Nothing in this world satisfies the human heart except Jesus Christ. Whatever season you are in, you will always think the other season is better if Jesus is not at the center of your life. Stop the cycle of always chasing your tail. Whether you are single or married, you will never have joy unless you have a rich connection with God himself through the gospel of Jesus Christ (Psalm 27:4, Psalm 16:2, John 4:14, John 10:10).
3. If You Have Created a Fantasy About the Opposite Sex that No Real Person Could Fulfill
Some men imagine having wild sex with their future wife every night, seven days a week. Some women imagine having deep, emotional conversations with their future husband all day, every day. Many men watch porn and then project these unrealistic expectations onto marriage. And many women watch social media and begin to think a filtered, seven second clip of a man and woman acting like their life is perfect is actually how their future marriage should be all the time.
Sure, a husband and wife should have great sex together. And yes, a husband and wife should be able to have amazing emotional conversations that last deep into the night. But these are moments, not all of life. If you think every second of marriage should be lived at the peak of romance, you are expecting a fantasy to become your reality, and that’s just not going to happen.

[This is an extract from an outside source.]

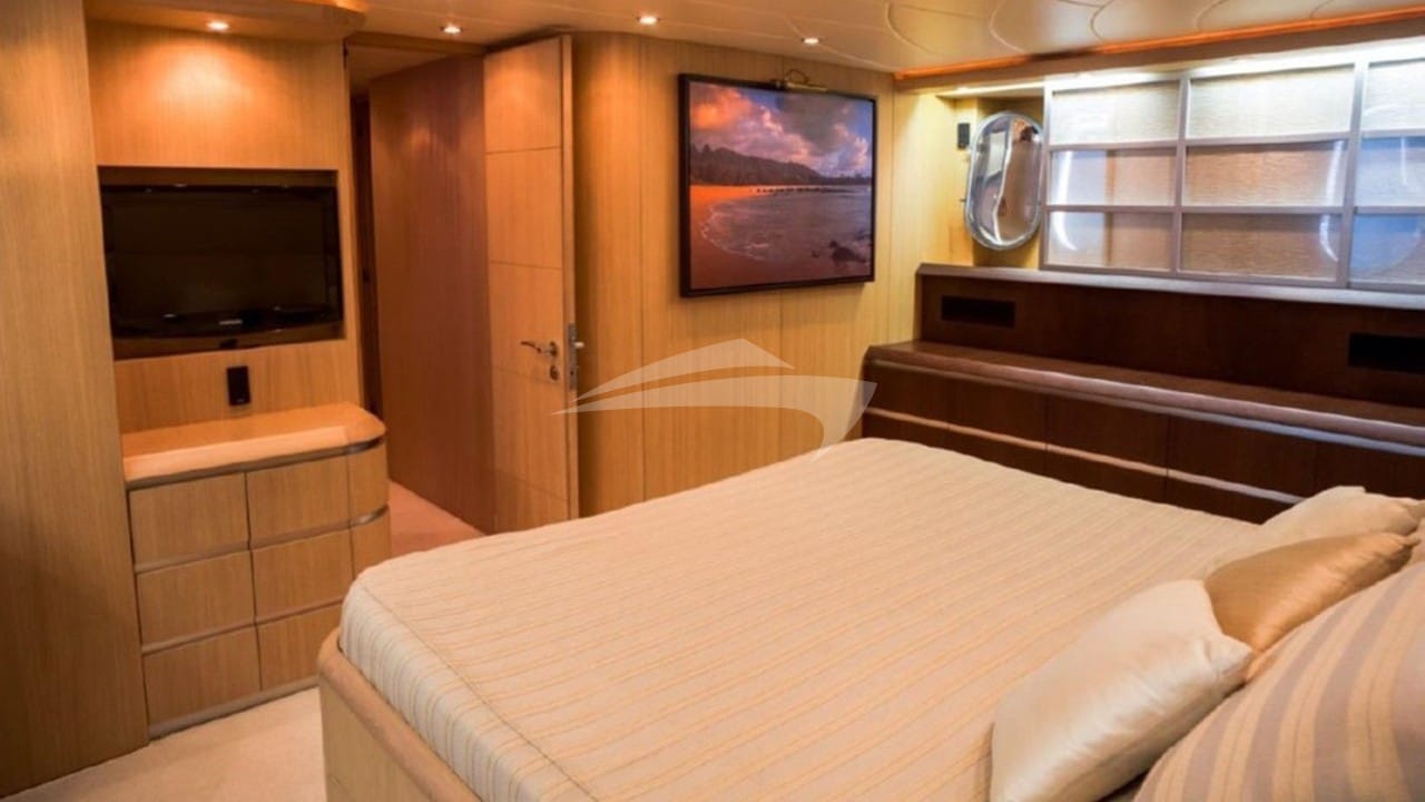 TEMPTATION DELTA can accommodate 8 guests in 4 cabins consisting of 2 cabins with a double bed and en-suite bathroom facilities, a primary suite with a double bed and en-suite bathroom facilities and a cabin with a twin bed and en-suite bathroom facilities.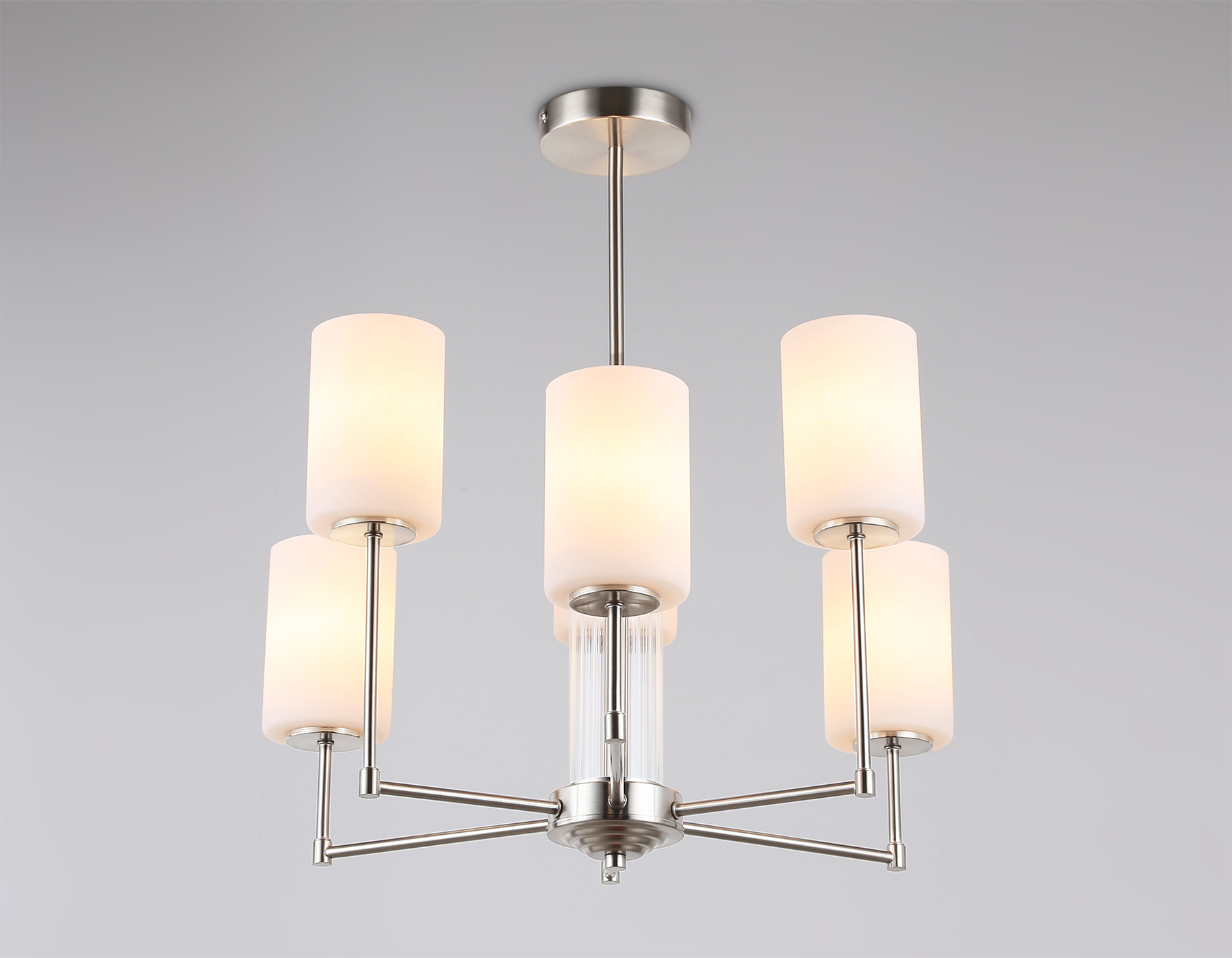 Подвесная люстра из коллекции HIGH LIGHT. Модель LH56211 представлена в стиле неоклассика. Люстра выполнена из металлического каркаса цвета никель и стеклянных матовых плафонов. Для данной модели подойдут лампы с цоколем Е27. Люстра будет прекрасным дополнением в любом помещении.

God alone will sober our minds and hearts so that we can let go of these man-made ideas of romance and we can learn to love another imperfect person throughout our imperfect lives. The beauty of marriage is not just the mountaintop experiences. The beauty of marriage is that you have a partner (1 Peter 3:7) with you through the whole journey, through the peaks and the valleys.
4. If Your Motive for Marriage Is Not Centered on God’s Glory
Christians often make the mistake of trying to glorify God so that he will then bless them with a great relationship. But this is not really the best way to proceed forward. Rather than trying to use glorifying God as a means to get a relationship, God wants you to use your relationships to bring him glory. You should not seek to honor God so he will give you a great relationship. You should seek to have a great relationship as a way of bringing honor to God.
God made marriage to bring glory to himself. It pleases him when a man and woman reflect the love he has for his people (Ephesians 5:1-2, 21-33). Things work best when they are used in the way that they were designed to be used. If God designed relationships to bring himself glory, relationships will work best when we seek to use them for this purpose.